:: Dataset excerpts ::

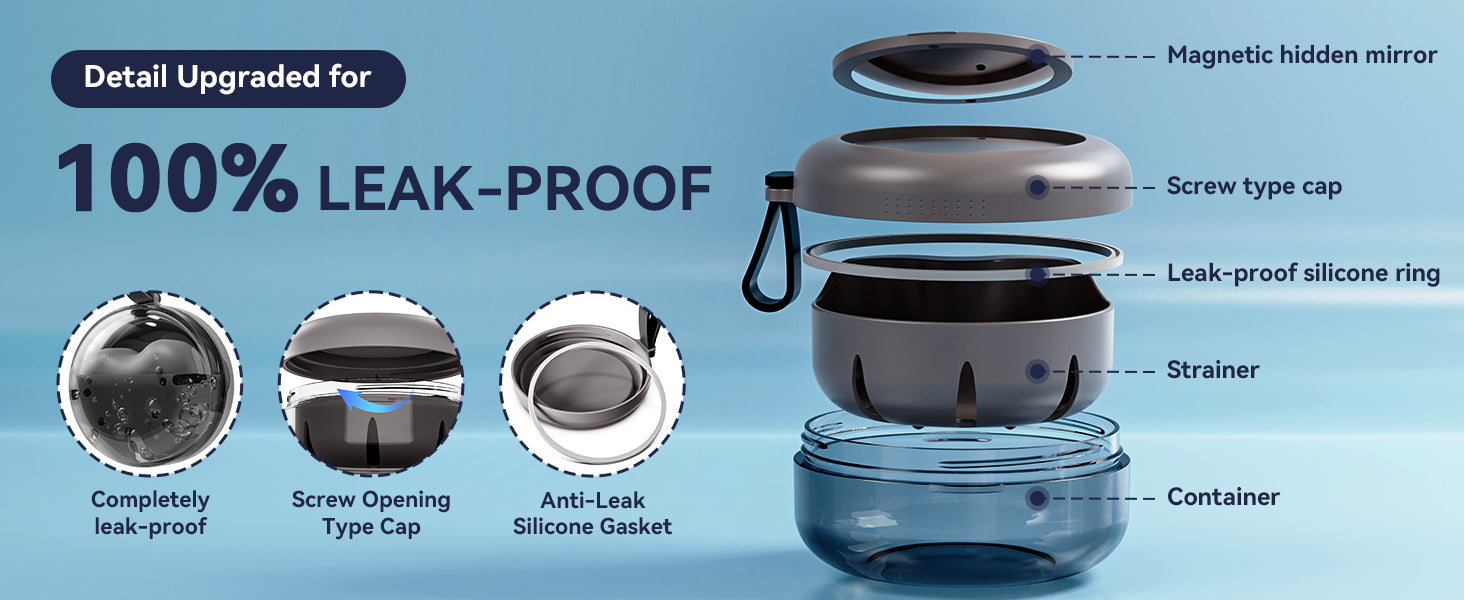 - Leak-Proof Design: The denture bath case ensures secure storage after the thorough cleaning action of the ultrasonic machine. Say goodbye to worries about leaks or spills.
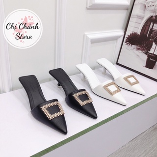 Guốc dép nữ cao gót 7p quai đôi xoàn đá chất da dày mềm mịn cực xinh - Chị Chảnh Store
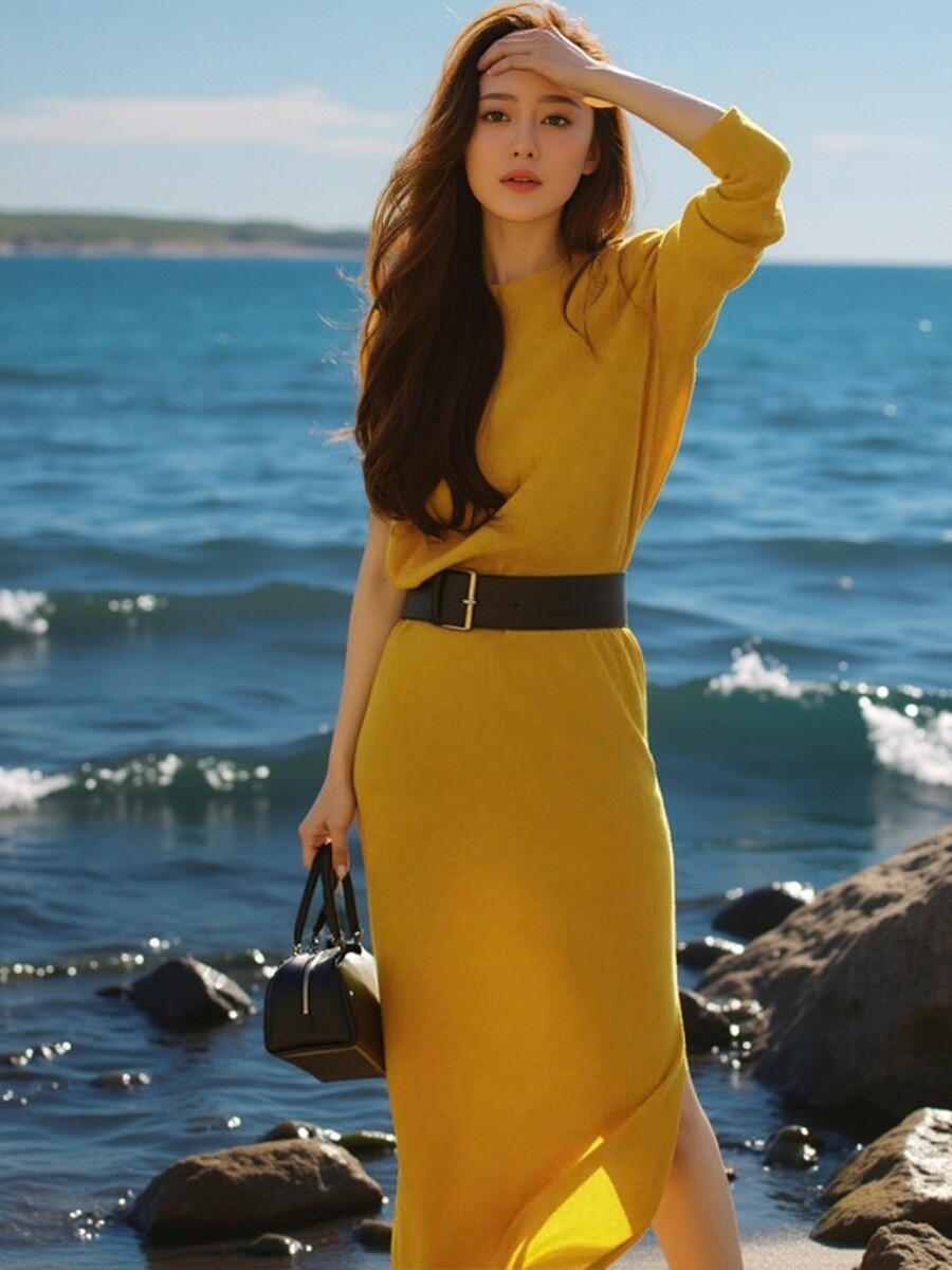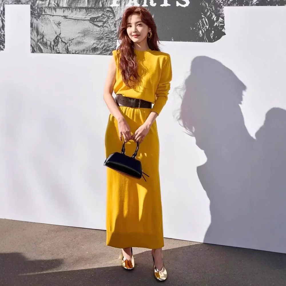 Zhang Ruonan 같은 스타일 디자인 센스 기질 아름다운 긴 원피스 노란색 비대칭 분할 니트 원피스 어린이 봄스토어 가기
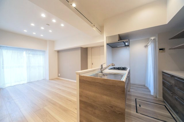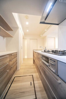 南向きバルコニーに面したお部屋です。キッチンの奥にもコンパクトなバルコニーへ出られるガラス戸があり採光通風ともにも良好!さすが角部屋ですね。縦長のお部屋にキッチン、ダイニング、リビングと並べるオーソドックスなタイプなので、家具のレイアウトに頭を悩ませることもなさそうです。
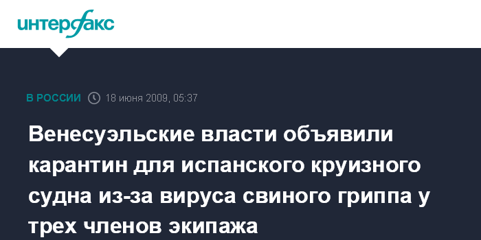 Венесуэльские власти объявили карантин для испанского круизного судна из-за вируса свиного гриппа у трех членов экипажа
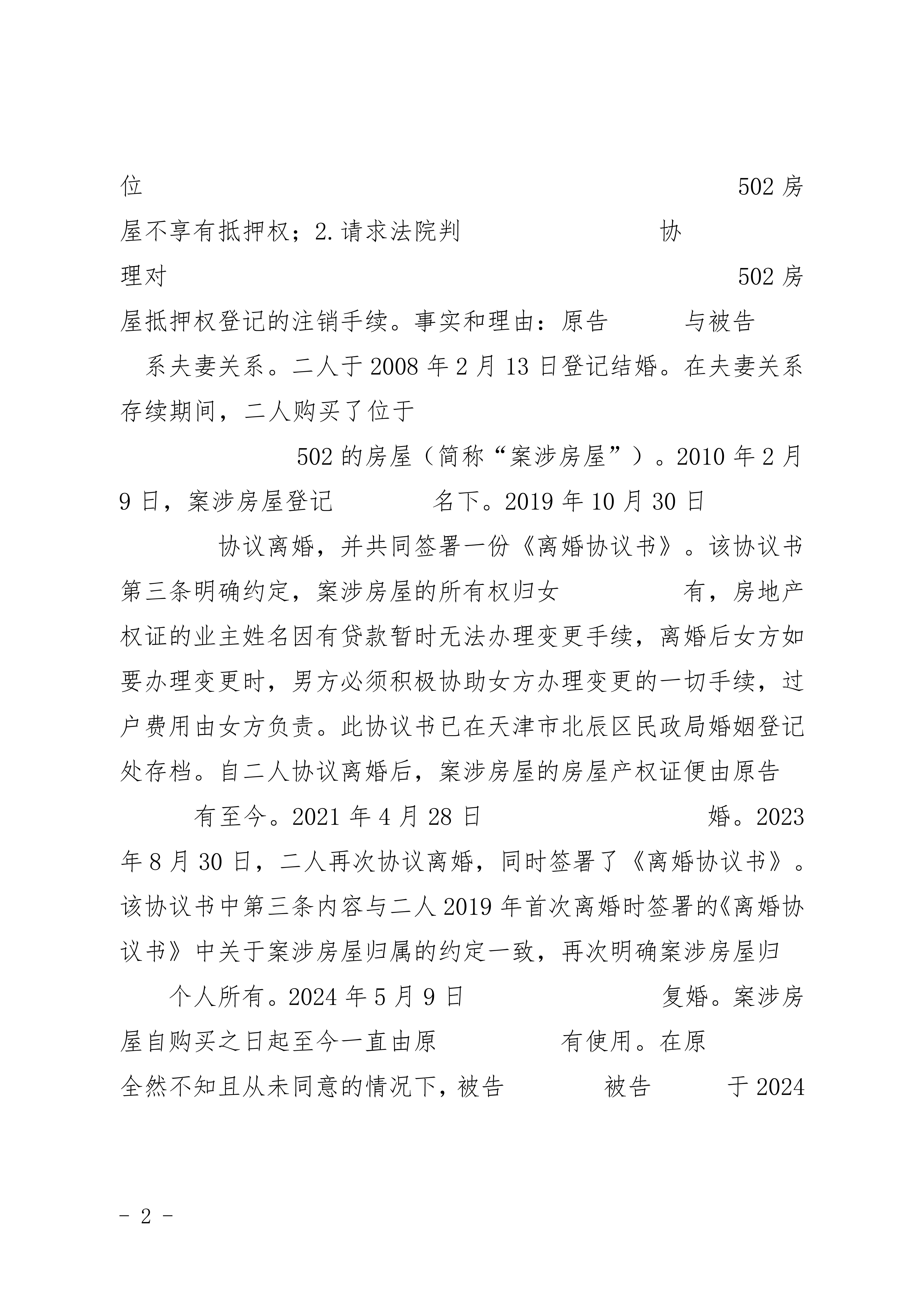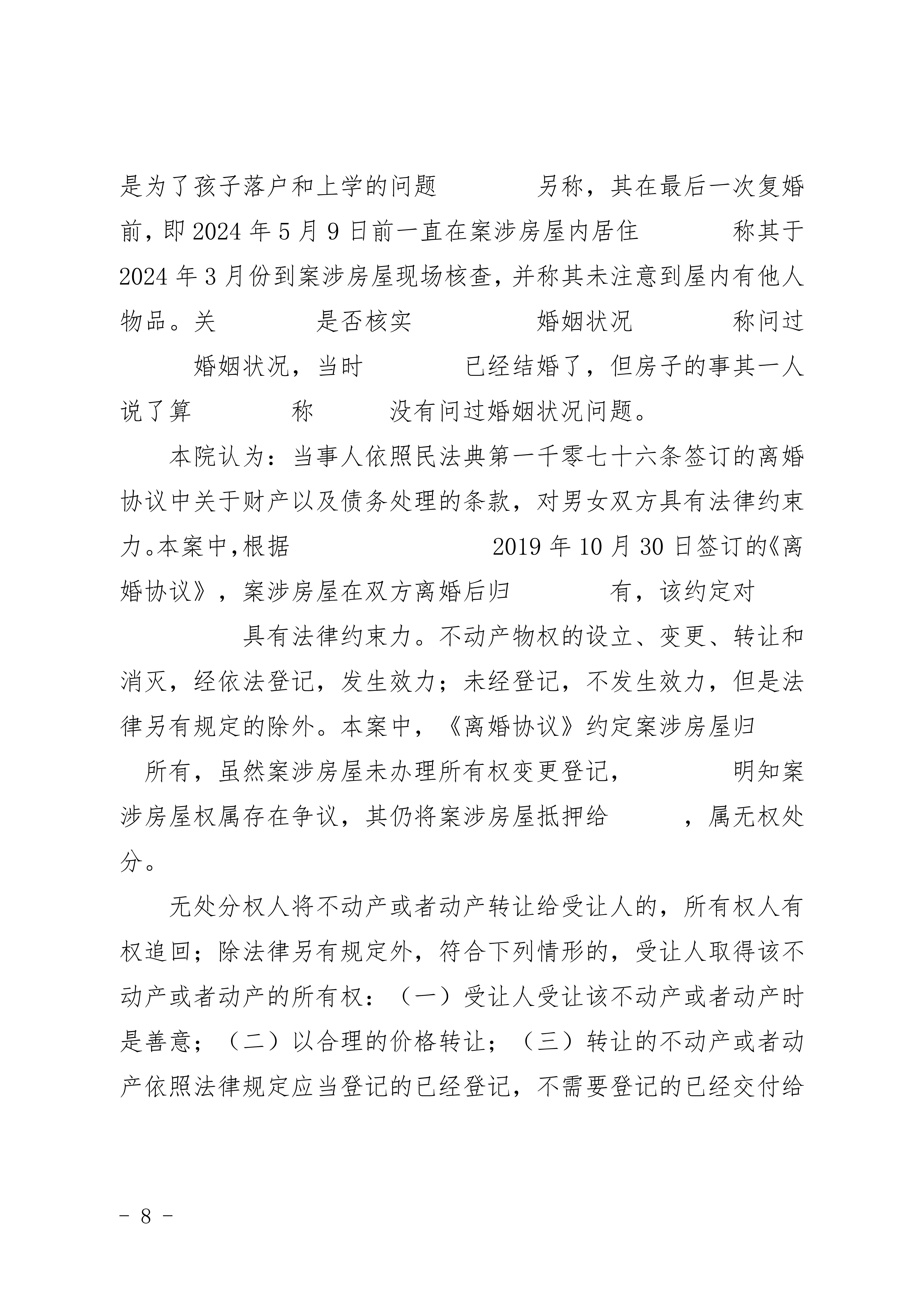 2008 年,白女士与周先生结婚后共同在北京购置一套房产,登记在周先生名下。2019 年二人离婚,备案离婚协议明确房产归白女士所有,因房贷未结清暂未过户,男方需配合后续过户;2021 年二人为孩子复婚,2023 年因投资理念分歧再次离婚,第二次离婚协议仍约定房产归白女士,2024 年二人再次复婚。

:::

→ What you have to do
None of the pictures should appear, though every line of the data above must be reproduced exactly.

→ Answer space
 - Leak-Proof Design: The denture bath case ensures secure storage after the thorough cleaning action of the ultrasonic machine. Say goodbye to worries about leaks or spills.
 Guốc dép nữ cao gót 7p quai đôi xoàn đá chất da dày mềm mịn cực xinh - Chị Chảnh Store
 Zhang Ruonan 같은 스타일 디자인 센스 기질 아름다운 긴 원피스 노란색 비대칭 분할 니트 원피스 어린이 봄스토어 가기
 南向きバルコニーに面したお部屋です。キッチンの奥にもコンパクトなバルコニーへ出られるガラス戸があり採光通風ともにも良好!さすが角部屋ですね。縦長のお部屋にキッチン、ダイニング、リビングと並べるオーソドックスなタイプなので、家具のレイアウトに頭を悩ませることもなさそうです。
 Венесуэльские власти объявили карантин для испанского круизного судна из-за вируса свиного гриппа у трех членов экипажа
 2008 年,白女士与周先生结婚后共同在北京购置一套房产,登记在周先生名下。2019 年二人离婚,备案离婚协议明确房产归白女士所有,因房贷未结清暂未过户,男方需配合后续过户;2021 年二人为孩子复婚,2023 年因投资理念分歧再次离婚,第二次离婚协议仍约定房产归白女士,2024 年二人再次复婚。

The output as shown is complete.